Je me souviens qu'un post du genre avait été fait ici, mais je n'arrive plus à le retrouver 

Est ce dangereux ?

Comment tracer/trouver la provenance de l'ip ?

 *Quote:*   

> Jul 12 21:05:46 [sshd] Invalid user tony from 218.188.8.186
> 
> Jul 12 21:05:49 [sshd] Invalid user alice from 218.188.8.186
> 
> Jul 12 21:05:52 [sshd] Invalid user cvs from 218.188.8.186
> ...

 Last edited by kopp on Tue Jul 12, 2005 9:10 pm; edited 1 time in total

----------

## Adrien

Pour tracer je sais pas mais ces tentatives sont monnaie-courante on dirait...  :Confused: 

J'ai jeté un coup d'oeil aux logs de sshd l'autre jour, juste par curiosité et après avoir lu un post sur le forum networking & security et j'ai eu plein de tentatives de connctions du même genre. Y'a même un mec qui s'est acharné , il a du tester genre 300 noms d'utilisateurs différents avant d'abandonner...
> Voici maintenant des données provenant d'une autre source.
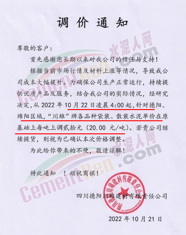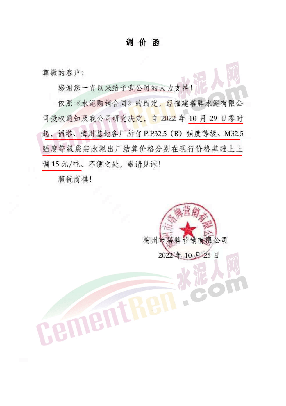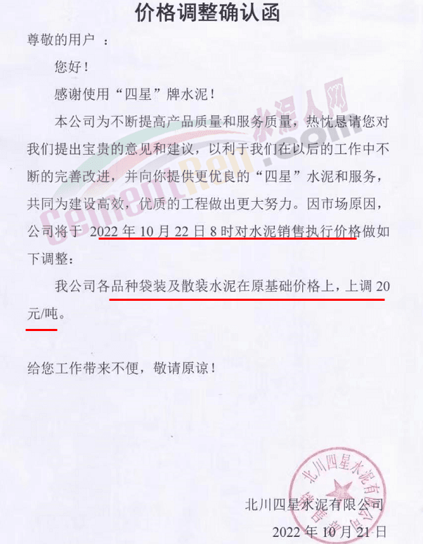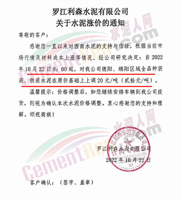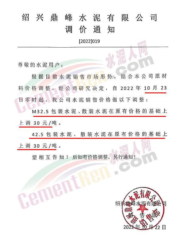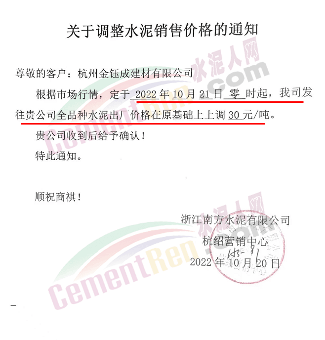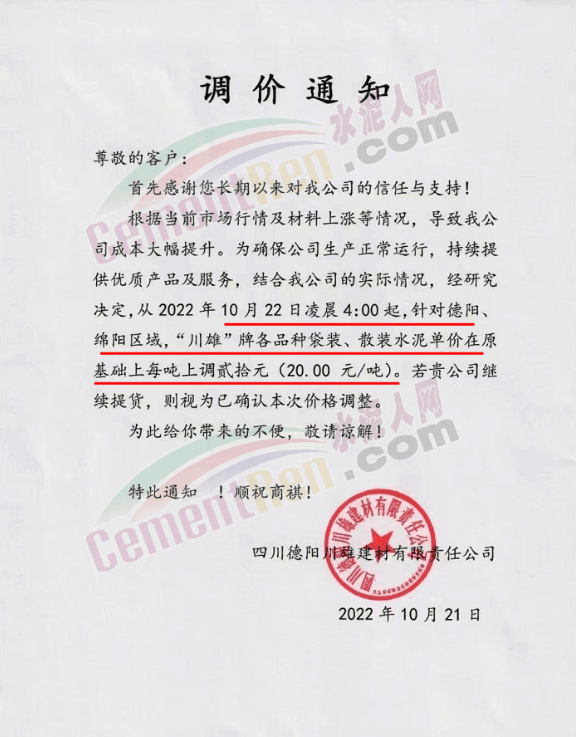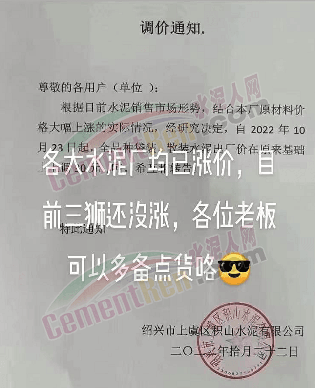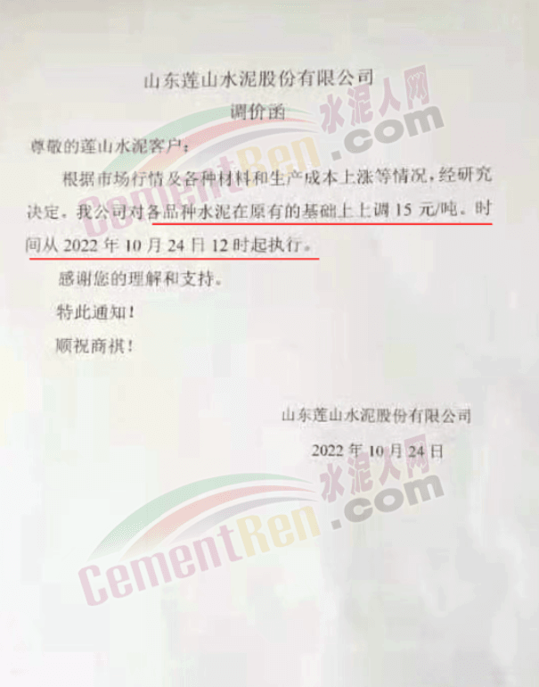 山東蓮山水泥股份有限公司通知,根據(jù)市場行情及各種材料和生產(chǎn)成本上漲等情況,經(jīng)研究決定,從10月24日起對各品種水泥在原基礎(chǔ)上上調(diào)15元/噸。

Et avant ça je croyais naïvement que je ne serais jamais attaqué... :Rolling Eyes: 

Ca m'a tenté aussi de tracer mai quand tu vois le nombre de fois où ça arrive, je crois que ça vaut pas le coup, sinon tu peux paser ta vie à faire de la traque sur le net.  :Razz: 

A la limite, tu peux faire un whois sur l'IP et tu as le mail du FAI genre abuse@domainname et t'envoies un mail avec tes logs.  :Wink: 

Edit: Tiens, regarde, y'a à peine deux heures! encore!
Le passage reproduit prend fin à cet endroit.